Known for her impulsive and stubborn nature, Kajol has been described by commentators to have a striking personality. Sukanya Verma wrote, "Think Kajol, think emotions. Either she is the firebrand or the emotional sensitive type. And sometimes she is pure, wicked fun." While interviewing her for the Hindustan Times in 2008, the journalist Hiren Kotwani took note of her straightforwardness when she was answering the given questions. India Today presumed that her outspoken behaviour have contributed in helping her winning film awards, and further commented, "There is a sparkling spontaneity to Kajol ... Film brats are rapidly tutored on the conventional wisdom of the industry, the line to success that needs to be toed. Maybe Tanuja never taught it, maybe Kajol never listened, for she has abandoned the predictable."

Kajol has been criticised for her lack of interest in maintaining her appearance. Gautam Rajadhyaksha stated she was apathetic of hairstyles and clothes, and would be really happy if she was allowed to wear jeans, a white shirt, and a scarf every day. The journalist Kaveree Bamzai elaborated, "She hardly looks into the mirror, barely even glances at the set monitor, usually the crutch of every insecure actor, puts on make-up only under extreme duress, and ... never watches her old movies." Comparing her to Shabana Azmi and Smita Patil, the producer Mahesh Bhatt observed that Kajol "may not have [their] earthy sensuality but she has that extra sparkle in her eyes and a kind of energy she generates on screen which make her incredible". Filmfare however labelled her an "unconventional beauty", adding that she "set her own rules in the '90s".

Kajol was listed in Box Office India's "Top Actresses" for five consecutive years (1995–1999), topping the list in 1998. In 2001 and 2006, Kajol featured in Rediff.com's annual "Top Bollywood Actresses" listing. Rediff.com also featured her in other lists: "Best Bollywood Actresses Ever", "Best Dressed Woman" and "Top 10 Actresses of 2000–2010". She peaked the fifth position as "the all-time favorite female star" in a 2008 poll conducted by Outlook. In 2012, Kajol was placed at the fourth position by NDTV in the listing of "The Most Popular Actress of All Time", behind Madhuri Dixit, Sridevi and Meena Kumari, and Yahoo! featured her as "one of the ten most iconic beauties of Hindi cinema". Kajol was included on Forbes Indias "Celebrity 100", a list based on the income and popularity of India's celebrities, in 2012, 2013 and 2017.

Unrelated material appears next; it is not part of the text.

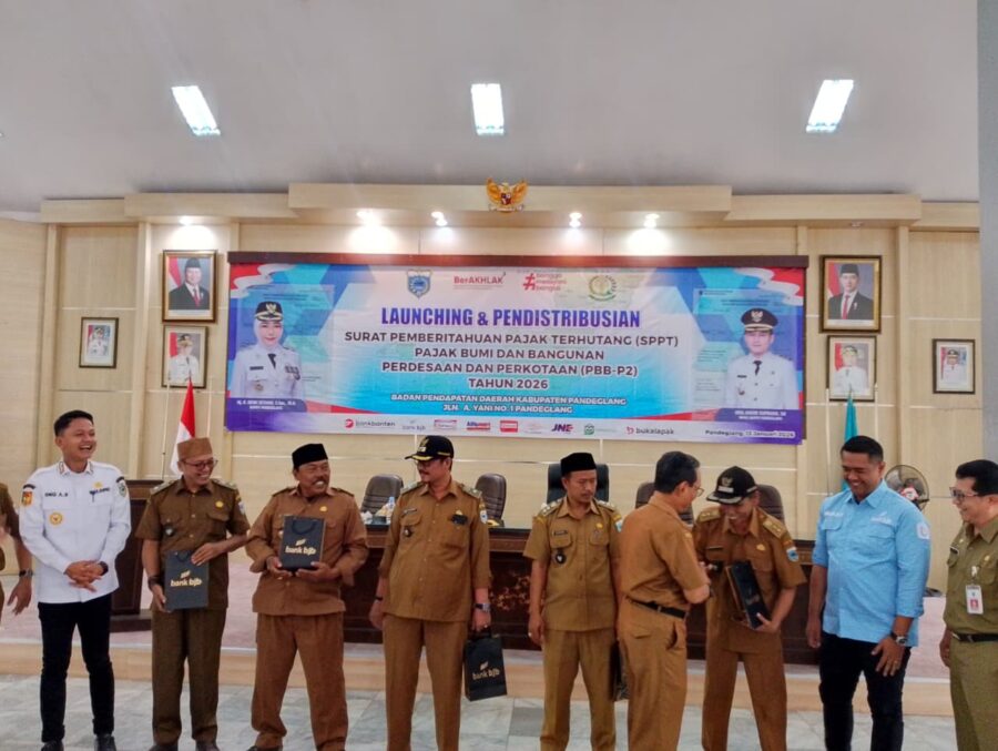 JENDELANUSANTARA.COM, Pandeglang – Wakil Bupati (Wabup) Pandeglang Iing Andri Supriadi, didampingi Sekretaris Daerah (Sekda) Kabupaten Pandeglang Asep Rahmat, menghadiri kegiatan Launching dan Distribusi Surat Pemberitahuan Pajak Terhutang (SPPT) Pajak Bumi dan Bangunan Perdesaan dan Perkotaan (PBB-P2) Kabupaten Pandeglang Tahun 2026, di Gedung Pendopo Kabupaten Pandeglang, Selasa (13/1/2026).

In 2002, Kajol was presented with the Rajiv Gandhi Awards by the Mumbai Pradesh Youth Congress. She was one of the four Bollywood actors, alongside Priyanka Chopra, Hrithik Roshan and Shah Rukh Khan, whose miniature dolls were launched in the United Kingdom, under the name of "Bollywood Legends" in 2006. Kajol and Khan also became the first Indian actors to be invited by NASDAQ to open the NYSE American for promoting their film, My Name Is Khan (2010). In the next year, the Government of India honoured her with the Padma Shri, the fourth highest civilian honour of the country, for her contribution to India's cinema. The Chief Minister of Maharashtra Devendra Fadnavis honoured her with the Swabhimani Mumbaikar Awards. Kajol unveiled her wax statue at Singapore's Madame Tussauds museum in 2018. In 2024, Kajol was placed 36th on IMDb's List of 100 Most Viewed Indian Stars.